Veintitrés jóvenes fallecen en los ritos de circuncisión sudafricanos

Al menos 23 jóvenes, varios de ellos menores de edad, fallecieron en el sureste de Sudáfrica durante los ritos de circuncisión tradicionales que marcan el paso a la edad adulta, según las informaciones de diversas fuentes oficiales.

“Son 23, y el número sigue subiendo cada día”, declaró Mamkeli Ngam, portavoz del Departamento de Asuntos Tradicionales de la provincia del Cabo Oriental, la región que todos los años se convierte en el foco del problema. “Quien incumpla la ley debe ser capturado y arrestado. Ahora tenemos ya más de una veintena”, señaló Ngam.

A su vez, el portavoz remarcó que las autoridades locales y las ONG trabajan para intentar garantizar la atención médica necesaria para practicar estos rituales de manera segura, pero admitió que, pese a los esfuerzos, las cifras no sólo no se han reducido, sino que este año ya superan los fallecimientos de 2018. 

Estos ritos de iniciación son una práctica tradicional de numerosas comunidades africanas, que marca, para los varones, la transición de la niñez a la edad adulta. Según la zona en que se practiquen, los detalles de estos rituales suelen variar, pero normalmente incluyen la circuncisión de los adolescentes, que están obligados a sobrevivir a la intemperie con sus mentores sin atención médica, comida ni ropa.

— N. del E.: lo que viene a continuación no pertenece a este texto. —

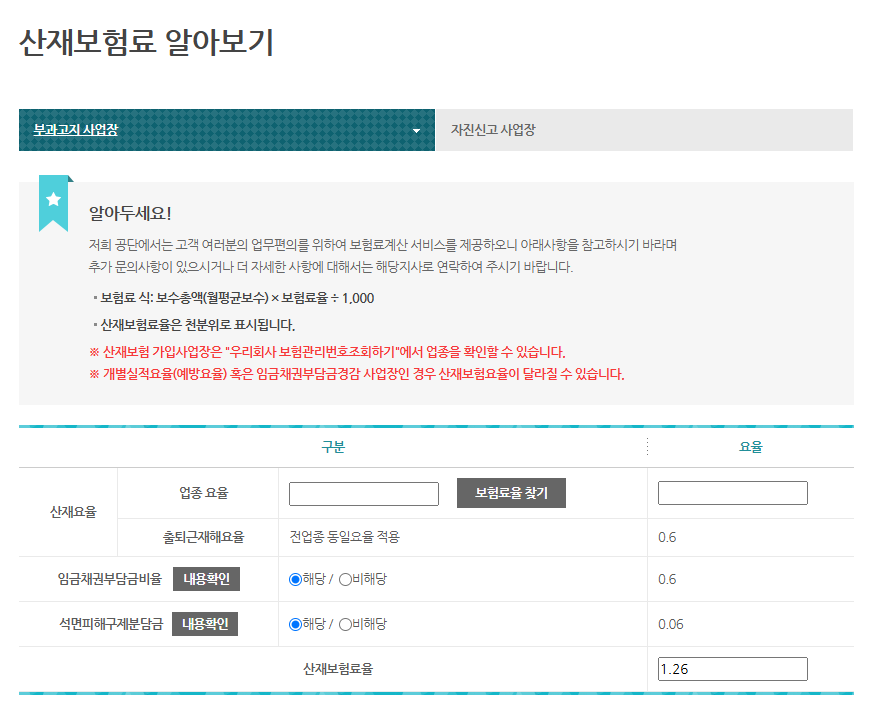 플랫폼 노동자라면 누구나 근로복지공단 홈페이지에서 제공하는 산재보험료 자동 계산기를 통해 자신의 보험료 부담액을 계산할 수 있습니다.

La mayoría de los fallecimientos se producen cada año por deshidratación, debido a la creencia de que no deben beber agua, y a la falta de atención sanitaria. En Sudáfrica, los jóvenes pasan un mes al aire libre y la temporada de iniciaciones en bianual, con una opción en invierno y otra en verano.

Las ceremonias se practican en lugares llamados “escuelas de iniciación”, algunas de ellas reconocidas legalmente, y otras sin homologar, por las que pasan cada año miles de jóvenes sudafricanos. Aunque las autoridades piden a las familias que los jóvenes no participen en estas prácticas siendo menores, se trata de un asunto de gran sensibilidad social que queda en manos de los líderes espirituales y los padres.

Pese a que las ceremonias son consideradas una parte esencial de la cultura africana por muchos, las organizaciones de protección de la infancia denuncian habitualmente el trato inhumano que soportan los adolescentes para convertirse en adultos respetados por su comunidad.